No business owner wants to think about disasters striking their workplace. You’ll hopefully never have to worry about flooding, but you should plan for it regardless. The more prepared you are, the less trouble you’ll have if your business does get flooded.
River flooding cost U.S. businesses $20 billion in 2019, and that doesn’t include floods from sources like oceans or busted pipes. Flooding doesn’t have to be substantial to cause substantial damage, either. Just one inch of water can cause $25,000 of damage to your workplace.
These disasters are too costly for business owners to ignore. Thankfully, there are plenty of ways you can minimize the risks of a flood. Here’s what you can do if your business gets flooded.
Responding in the Moment
Disasters don’t follow a schedule, so you may or may not be in the workplace when a flood occurs. If you are at work when it starts flooding, your first job is to ensure everyone is safe. You may immediately think about property damage, but you need to get everyone to safety first.
If you have the time or ability, turn off the electricity in any affected rooms. You’ll want to remove any electrical hazards before things get too wet. Make sure no one touches any electrical equipment while standing on a damp surface.
While you’re evacuating, avoid walking under wet spots in the ceiling, since they could collapse. You should also make sure everyone walks carefully, using something for support, so they don’t slip. If you have hard floors, you should take extra caution to avoid slips.
If the flood is coming from something inside your building, like a burst pipe, you can stop it. Typically, there will be a shut-off valve within your building that you can use to stop the water flow. You’ll probably need a key to access this valve, so make sure you know where it is.
If you don’t have access to this key, you can call your water company. The sooner you shut off the water, the less damage the flood will cause.
Restoring Damaged Property
After the flood is over, you’ll have to deal with the damage. As much as you want to get back into your building, wait until you’re confident that it’s safe. You don’t want to put yourself or any employees in danger by entering the workplace too soon.
When it comes time to check on your building, take a few precautions before entering. If you can do so without standing in water, turn off the electricity and gas. Look for any structural damage and avoid getting close to any spots that look like they could collapse.
You may want to ask an employee or two to help you inspect the property. However, if they get hurt, it could lead to a premises liability lawsuit. It’s likely best to work with a professional for this step.
Once you’re inside, you can see what kind of work it’ll take to clean up. No matter how significant the flood was, your first step will be to remove excess water. You can use a pump hooked up to a generator to do this, but keep the generator outside to avoid carbon monoxide poisoning.
Damp carpets can produce respiratory hazards like mold, so wear a mask while working. To prevent mold buildup, you’ll want to dry out any porous surfaces as fast as possible. You can open windows, turn on fans and use heaters and dehumidifiers to help.

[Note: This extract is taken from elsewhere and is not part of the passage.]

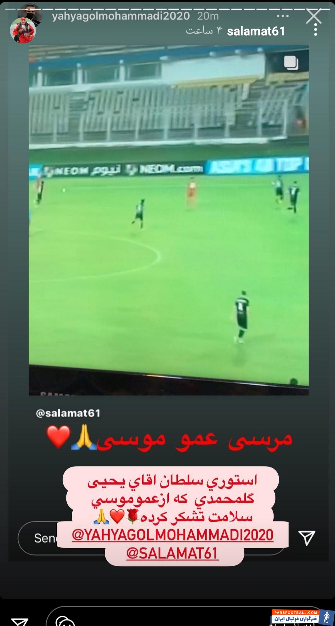 حالا یحیی گل محمدی با انتشار یک استوری از عمو موسی تشکر کرده است.

While you’re working, you’ll probably kick up water and debris. To avoid extra damage, move expensive items to unaffected areas so you don’t accidentally splash them. You may find it easier to turn to a professional water cleanup company, especially if there’s a lot of work to do.
Filing Insurance Claims
Depending on your plan, your insurance may cover flood damage. Even if you don’t have flood insurance on your building, you may have coverage over some of your equipment. Check your insurance policy to see what it covers and what it doesn’t, as well as what your insurer needs from you.
As you go through the building, take as many pictures as you can. The more documentation of damage you have, the more it helps your case with the insurance company. Don’t dispose of or modify anything until you hear back from your insurer.

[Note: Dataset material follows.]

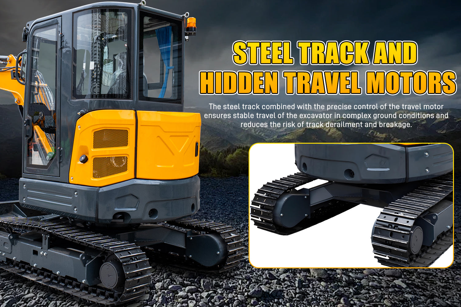 Heavy-duty steel tracks are built for durability and reliability, providing maximum traction on rough terrain, while our hidden travel motor is protected inside the track frame, which can prevent damage and extend service life.

Your insurance provider will likely send a claims adjuster to check on the building. They may have specific guidelines for what to do in these situations, so contact them before doing anything else. They may want to verify the damage before you work and may offer support in the cleanup effort.
Preventing Future Flood Damage
Once you get your insurance and cleanup settled, it’s time to think about the future. The incident might have highlighted some areas where you can improve to mitigate damage in another flood. Even if your business has never flooded, you should follow these steps to prevent possible disasters.
First, install a pump system below your ground floor to remove any groundwater that seeps in. If you live in a flood-prone area, you may also want to install floodproofing measures like floodgates and moveable barriers. You can even reduce flood damage by planting vegetation around your property, which prevents soil erosion.
Make sure that all of your electrical outlets are at least a foot above the ground. Circuit breakers and fuse boxes should be at least five feet off the floor. If your HVAC equipment isn’t already elevated, consider hiring a contractor to relocate it to a higher point.
Lastly, if you don’t have any already, you should purchase flood insurance. The more floodproof your building is, the less you’ll pay for insurance, so follow these other steps first.
Floods Can Happen to Anyone
You don’t have to work in a flood-prone area to experience flooding. It’s best to prepare for these situations before they happen, to avoid as much damage as possible. Follow these steps, and you’ll potentially mitigate thousands of dollars in flood damage.